- Poster of Hindi version
- Directed by: Milind Rau
- Written by: Milind Rau Siddharth (also dialogues) Chandan Arora (Hindi dialogues)
- Produced by: Siddharth
- Starring: Siddharth Andrea Jeremiah
- Cinematography: Shreyaas Krishna
- Edited by: Lawrence Kishore
- Music by: Girishh G.
- Production companies: Viacom 18 Motion Pictures Etaki Entertainment
- Distributed by: Viacom 18 Motion Pictures Grand Showbiz Medias(International)
- Release dates: 3 November 2017 (Tamil); 10 November 2017 (Hindi);
- Running time: 138 minutes
- Country: India
- Languages: Tamil Hindi

= Aval (2017 film) =

2017 Indian horror film by Milind Rau

Aval in Tamil and The House Next Door in Hindi, is a 2017 Indian horror film co-written and directed by Milind Rau. Shot simultaneously in the Tamil and Hindi, it stars Siddharth and Andrea Jeremiah, with Siddharth also its co-producer and co-writer. It was released on 3 November 2017 to mostly positive reviews in all languages and became a success. It was dubbed in Telugu as Gruham and released on November 17.

==Plot==

The movie starts with the happy life of a mother and daughter back in 1934. In the present, 2016, Dr. Krishnakumar (Siddharth), a successful neurosurgeon, and his wife Lakshmi (Andrea Jeremiah) live peacefully in their beautiful house under the mountains in Rosina Valley.
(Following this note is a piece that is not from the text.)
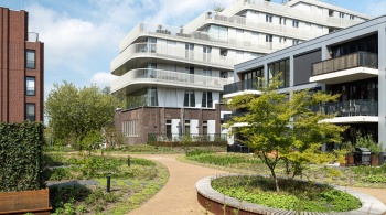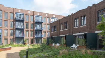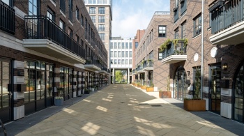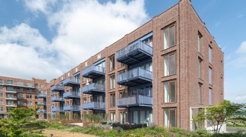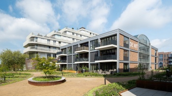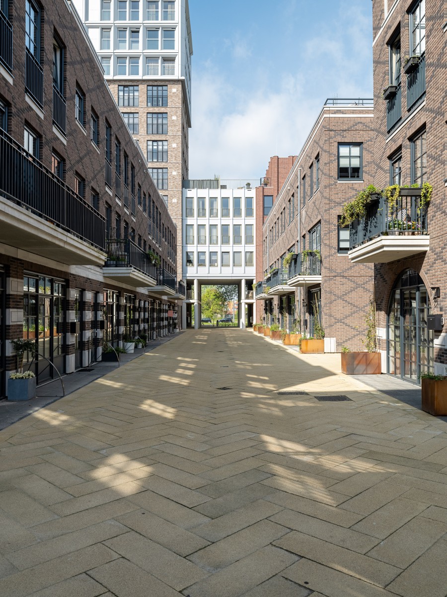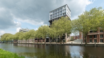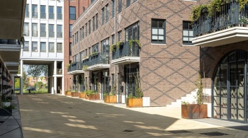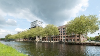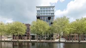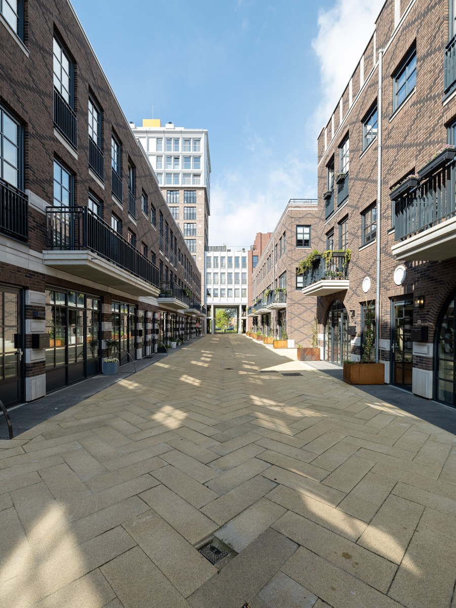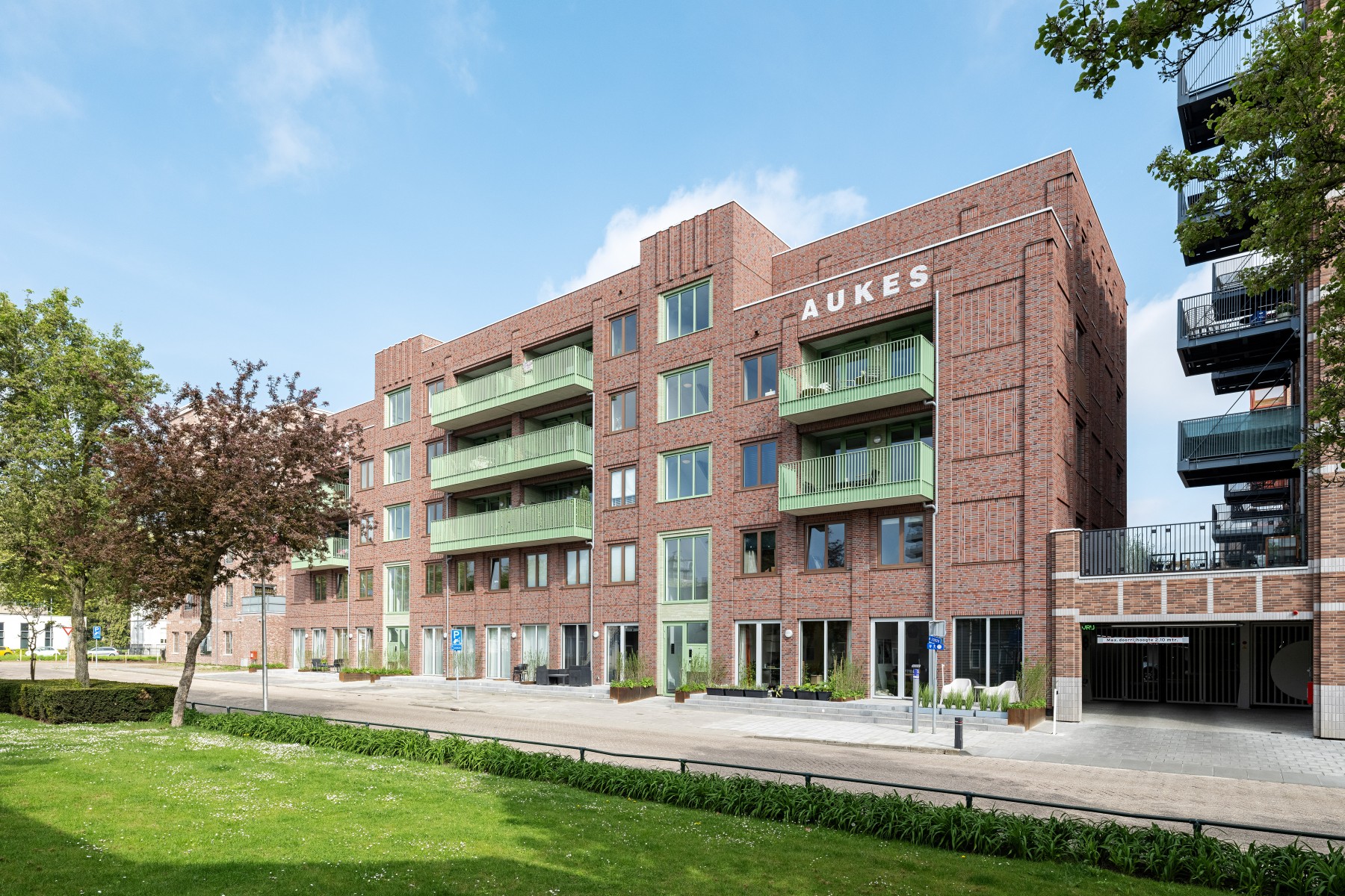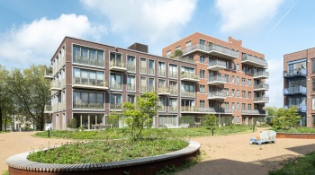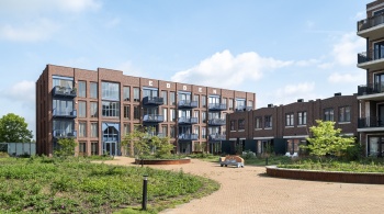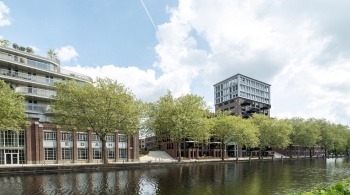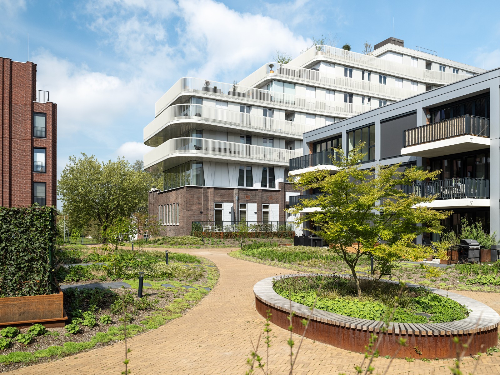 Het wooncomplex bestaat uit dertien woonblokken die samen een heldere eenheid vormen, maar toch elk een eigen karakter bezitten. “We hebben gestreefd naar variatie binnen samenhang”, merkt Verbeek op. “De breedte maatvoering van de woongebouwen aan het kanaal is nagenoeg gelijk, geïnspireerd op de breedte van het monumentale EDAH-gebouw. Dat zorgt voor ritme en herkenbaarheid.”

The D'Costa family moves into the next house, which belonged to the mother and daughter years ago. Jennifer D'Costa (Anisha Angelina Victor) is a troubled teenage daughter of the neighbors. Though she is rebellious, she deeply loves her family and her half-sister Sarah. Jenny and Sarah come to meet Lakshmi and make friends with her. Jenny is instantly attracted to Krish's charm.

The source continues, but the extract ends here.